Мы с Эдди переглянулись, и братец пожал плечами. Мол, случается с людьми и такое. А что, в нашем захолустье кого только не встретишь. Так что графом больше, графом меньше.
– И чего надо? – спросил Эдди, вовсе теряя терпение.
Это уже у него от огненных дэвов, с которыми спутался кто-то из совсем уж дальних предков, и Эдди напрочь отрицает этакое родство, но я матушке, с ее способностями кровь разглядеть, верю. И то правда, раздражается братец легко.
Порой и вовсе впадает в ярость.
Правда, сам он утверждает, что ярость эта – от бабки, которая происходит из прибрежников, а те славятся неукротимостью в бою… Ну, сложная у него родословная, что уж тут.
– Надо вот что… – Граф присел на стул, осторожно так, будто ожидал от этого стула какой-нибудь пакости. К слову, не зря. Помнится, на той неделе этим самым стулом Эдди оглушил Кривого Пью, решившего, что раз он знает, с какой стороны за ружье браться, то теперь он в городе самый главный. Стул от того развалился, а чинил его Эдди сам.
Из экономии.
У моего брата множество талантов, это все признают, но вот мастер из него… Краснодеревщиков в нашем роду, похоже, не было.

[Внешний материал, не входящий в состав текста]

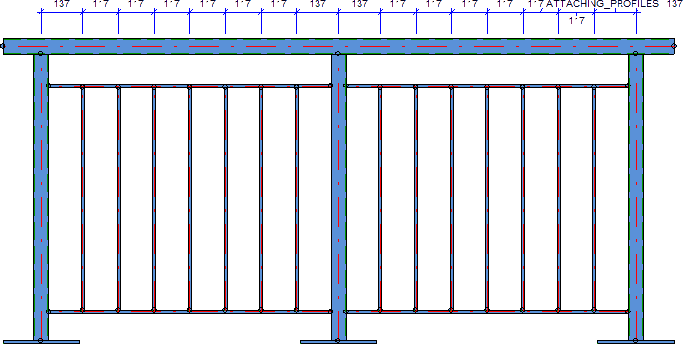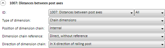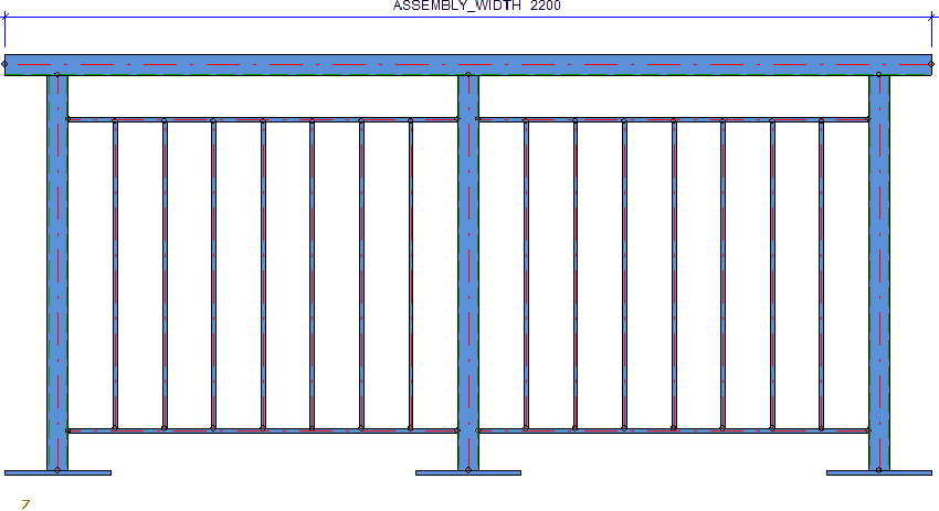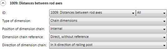 Distances between rod axes This rule dimensions the axis distance between posts and vertical rods as chain of dimensions. The dimensioning takes place in all fields of the railing segment. If the dimensions of the rule are not equal in all fields, only the dimension of the first field will be created.

– Я хочу, чтобы вы помогли мне отыскать мою сестру. – Это графчик произнес спокойно и ровно, пристально глядя на Эдди, который вдруг от взгляда этого смутился.
Вот честно!
Может, кто посторонний бы и не заметил, но я-то не чужая, я все вижу…
– И готов за это заплатить.
Я убрала револьвер со стола и даже ноги сняла, вспомнив, что коль человек платить готов, то надо с ним пообходительней. Клиенты на дороге не валяются.
Даже странные.
Такие как этот.
На стол упал кошель. Тяжеленный, видать заранее подготовленный, чтобы Эдди впечатлить. Так-то мы не совсем дикие, нормальные люди кошелей с собой не таскают. Чревато это. Куда безопаснее с чековой книжкой гулять. Но Эдди на кошель уставился.

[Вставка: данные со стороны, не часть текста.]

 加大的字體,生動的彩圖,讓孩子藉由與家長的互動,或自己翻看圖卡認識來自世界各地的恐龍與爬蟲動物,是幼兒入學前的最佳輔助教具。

Я тут же вспомнила, что зима не так и далека, а угля в яме едва ли на треть осталось. Да и стены неплохо бы подконопатить. Стекло в гостиной треснуло, крыша опять подтекает. Не говоря уже о том, что обои совсем выцвели, а матушка молча перешивает очередное свое платье, надеясь, что, перешитое, оно соседям покажется новым. Соседям-то, честно говоря, на платья плевать, особенно Доусону, что стал заезжать слишком уж часто, чтобы это не выглядело подозрительным, но матушке же не скажешь.
Эдди тоже.
Он Доусону сперва зубы выбьет, а потом и душу вытряхнет. А по мне так ничего, пусть ездит. У Доусона плантации изрядные, и дом хороший, и сам он мужчина видный. Глядишь, и сложится у них.
– Сестру? – уточнил Эдди.
– Сестру. – Рядом с кошелем лег фотографический снимок. Я вытянула шею, силясь разглядеть девицу, которая на нем. Уж больно интересно вдруг стало. Только не вышло.
Ну да ладно.
Эдди потом покажет.
– К сожалению, юные девушки порой… увлекаются неподходящими личностями, – произнес графчик чрезвычайно печально.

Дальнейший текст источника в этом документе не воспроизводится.